7. Broader Context and Methodological Relationships

The technological strategies used in Hot-Ham reflect the broader trend toward symmetry-enforced, high-order tensor machine learning frameworks in ab initio materials simulation (Yu et al., 11 Jun 2025, Yin et al., 1 Jan 2024). Hot-Ham’s use of local frames and efficient convolutional contractions aligns with efforts to reduce the overhead of equivariant neural networks and makes it amenable to continued scaling. Furthermore, the design is compatible with ongoing work in multi-stage neural protocols, tensor decomposition, and operator inference for learning both parametric and nonparametric Hamiltonian models.

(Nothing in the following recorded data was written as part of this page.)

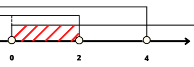 x musi być zatem mniejszy od 4 i od 2. Rozwiązaniem jest przecięcie (część wspólna) zbiorów poszczególnych rozwiązań, zatem przedział
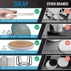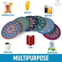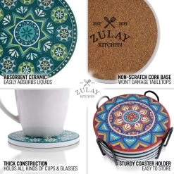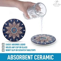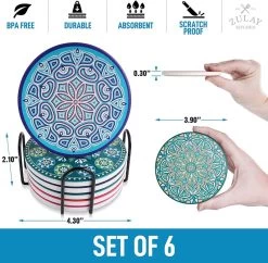 Mandala Design Coasters: Zulay ceramic coasters for drinks look more like art than just your regular coasters. Effectively prevent moisture from seeping into your furniture without compromising your interior design. The set includes 6 round mandala-style ceramic coasters that look stunning and vibrant, making you want to use them all the time.
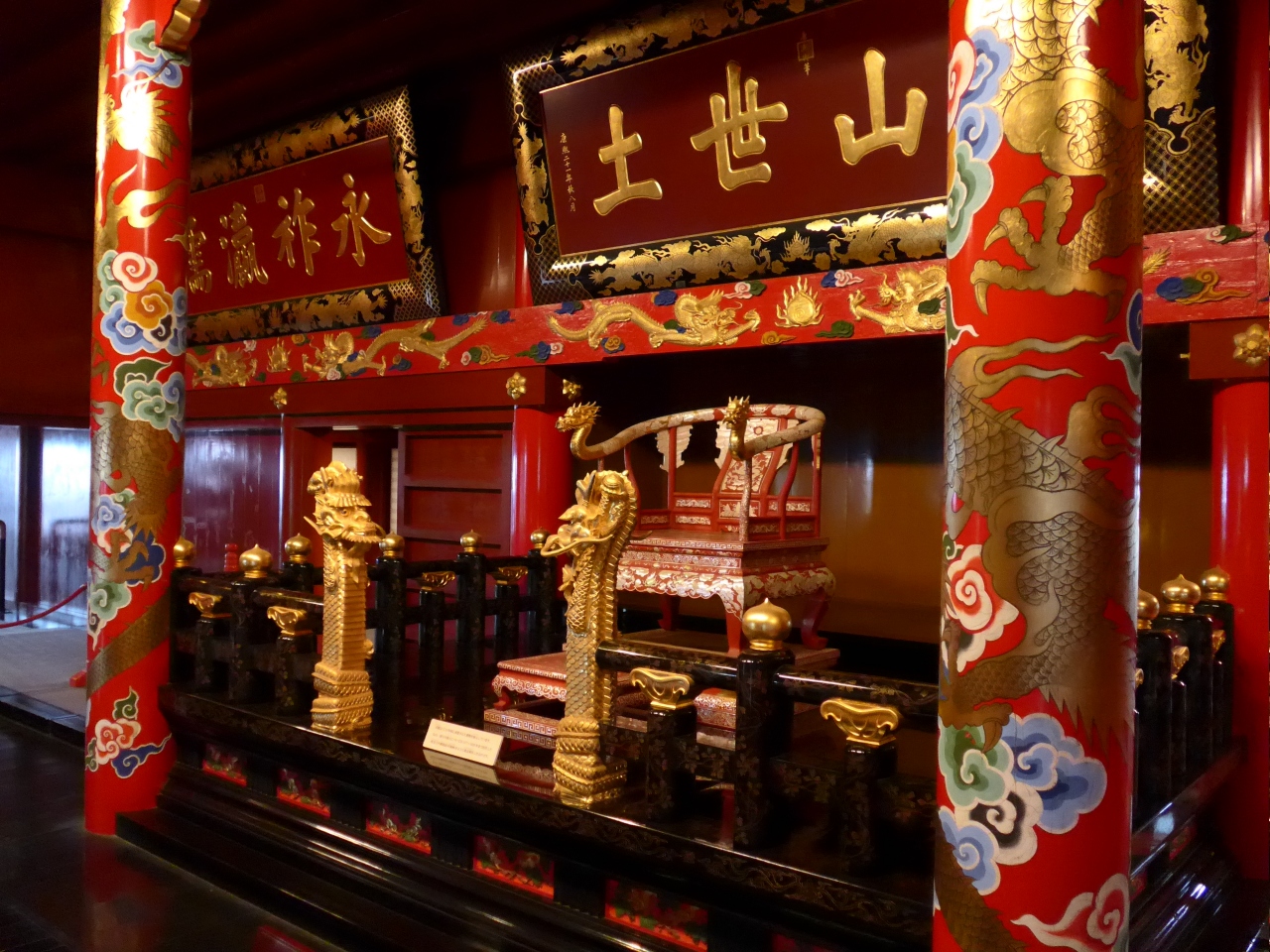 正殿を二層三階建てとすることや装飾化した龍柱は日中にも類例がなく、琉球独自の形式といってよいでしょう。

In summary, Hot-Ham introduces an efficient E(3)-equivariant MPNN built upon local coordinate transformations and Gaunt tensor products, profoundly reducing the cost of high-order tensor interactions in electronic structure Hamiltonian learning. Its strong performance across standard and challenging materials datasets, efficient scaling, and symmetry-consistent architecture make it a promising foundation for next-generation machine-learned ab initio electronic structure methods (Liang et al., 5 Sep 2025).